Primary tested compiler are passing in release mode with warnings as errors. They also are tested with a comprehensive set of backend combinations (i.e. OpenMP, Pthreads, Serial, OpenMP+Serial, ...). We are using the following set of flags:

  • GCC:

       -Wall -Wunused-parameter -Wshadow -pedantic
       -Werror -Wsign-compare -Wtype-limits
       -Wignored-qualifiers -Wempty-body
       -Wclobbered -Wuninitialized
    
  • Intel:

      -Wall -Wunused-parameter -Wshadow -pedantic
      -Werror -Wsign-compare -Wtype-limits
      -Wuninitialized
    
  • Clang:

      -Wall -Wunused-parameter -Wshadow -pedantic
      -Werror -Wsign-compare -Wtype-limits
      -Wuninitialized
    
  • NVCC:

      -Wall -Wunused-parameter -Wshadow -pedantic
      -Werror -Wsign-compare -Wtype-limits
      -Wuninitialized
    

Other compilers are tested occasionally, in particular when pushing from develop to master branch. These are tested less rigorously without -Werror and only for a select set of backends.

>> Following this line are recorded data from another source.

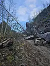 ADVARER. Skogsveien opp mot Litlverivatnet i Rago nasjonalpark er sperret av et ras. - De som har tenkt seg hit bør velge et annet sted å gå tur, sier leder i grunneierlaget Morten Skoglund.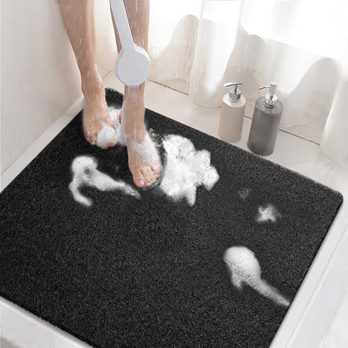 HITSLAM Duschmatta, halkskydd, 60 x 60 cm, halkfri badkarsmatta med dränering, mjuk PVC, snabbtorkande dusch/badmatta för badkar och badrum, svart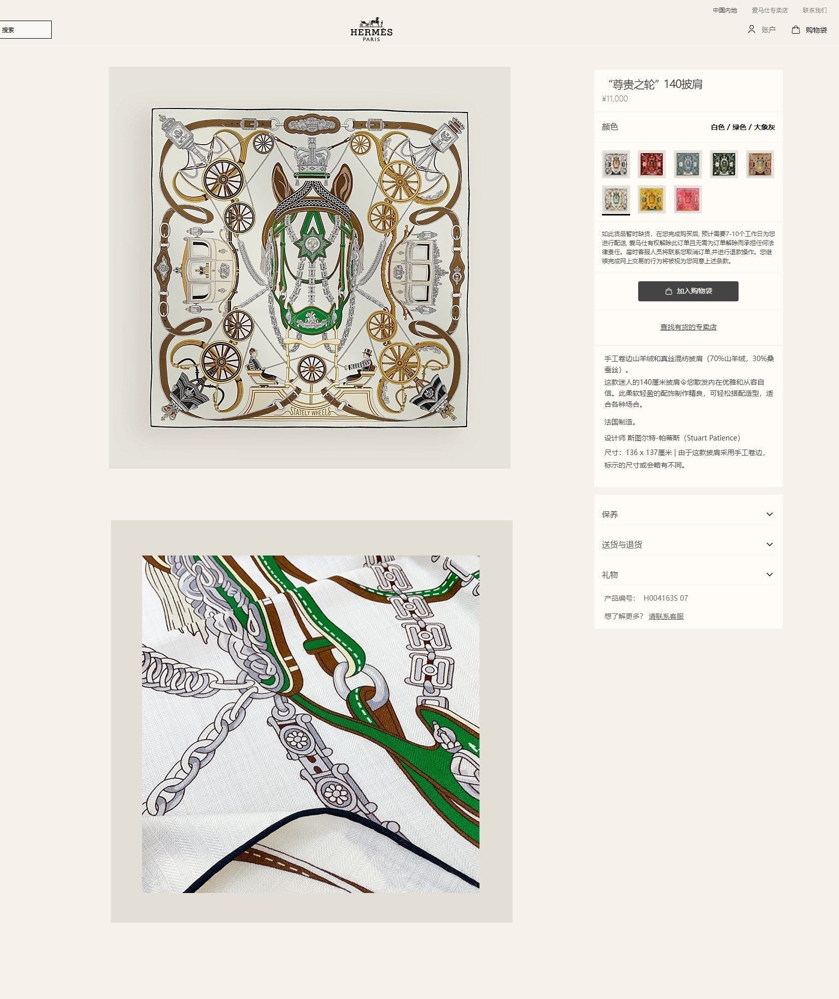 • Material: 70% Cashmere, 30% Silk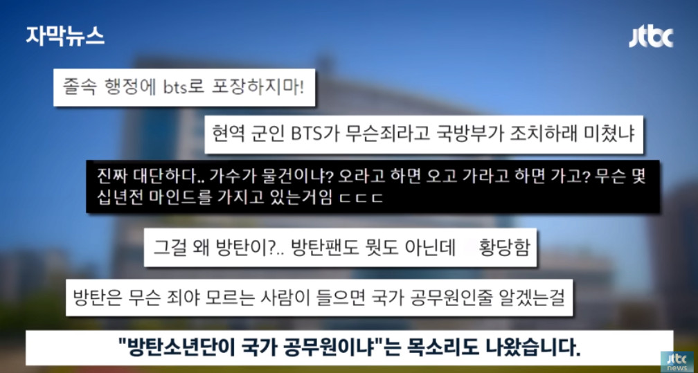 성일종은 나라를 위해 방탄을 가진 국방부는 협조하라고 윽박지르고, 가수들은 마구 차출 중입니다.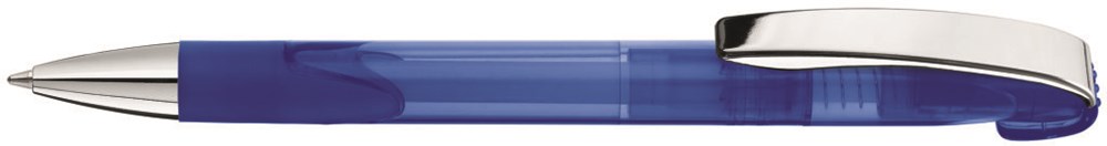 Druckkugelschreiber mit transparent glänzendem Gehäuse, schwerer Metallspitze, Metallclip glanzverchromt und Gummigriffzone.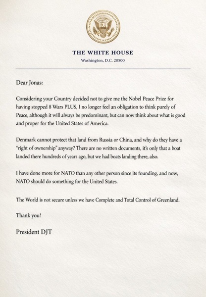 Sin embargo, el tono de esta nueva carta sugiere un nivel de presión mucho más elevado, al utilizar el prestigio de una institución global como el Premio Nobel de la Paz como moneda de cambio para la expansión territorial y el control estratégico.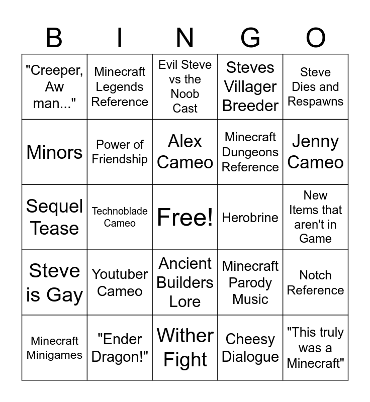 This bingo card has a free space and 24 words: Youtuber Cameo, "Ender Dragon!", Alex Cameo, Minecraft Minigames, Steve Dies and Respawns, "Creeper, Aw man...", Minors, Minecraft Legends Reference, Herobrine, Ancient Builders Lore, Minecraft Dungeons Reference, Sequel Tease, Minecraft Parody Music, Notch Reference, Power of Friendship, Cheesy Dialogue, New Items that aren't in Game, Evil Steve vs the Noob Cast, Jenny Cameo, Technoblade Cameo, "This truly was a Minecraft", Steve is Gay, Steves Villager Breeder and Wither Fight.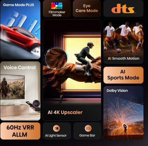 Hisense technologies (AV/TV) 4K AI Upscaler/Game Mode Plus/MEMC (Motion Estimation Motion Compensation)/Quad Core 4k Processor

Building and Installing Kokkos

Kokkos provide a CMake build system and a raw Makefile build system. The CMake build system is strongly encouraged and will be the most rigorously supported in future releases. Full details are given in the build instructions. Basic setups are shown here:

CMake

The best way to install Kokkos is using the CMake build system. Assuming Kokkos lives in $srcdir:

cmake $srcdir \
  -DCMAKE_CXX_COMPILER=$path_to_compiler \
  -DCMAKE_INSTALL_PREFIX=$path_to_install \
  -DKokkos_ENABLE_OPENMP=On \
  -DKokkos_ARCH_HSW=On \
  -DKokkos_ENABLE_HWLOC=On \
  -DKokkos_HWLOC_DIR=$path_to_hwloc

then simply type make install. The Kokkos CMake package will then be installed in $path_to_install to be used by downstream packages.

To validate the Kokkos build, configure with

 -DKokkos_ENABLE_TESTS=On

and run make test after completing the build.

For your CMake project using Kokkos, code such as the following:

find_package(Kokkos)
...
target_link_libraries(myTarget Kokkos::kokkos)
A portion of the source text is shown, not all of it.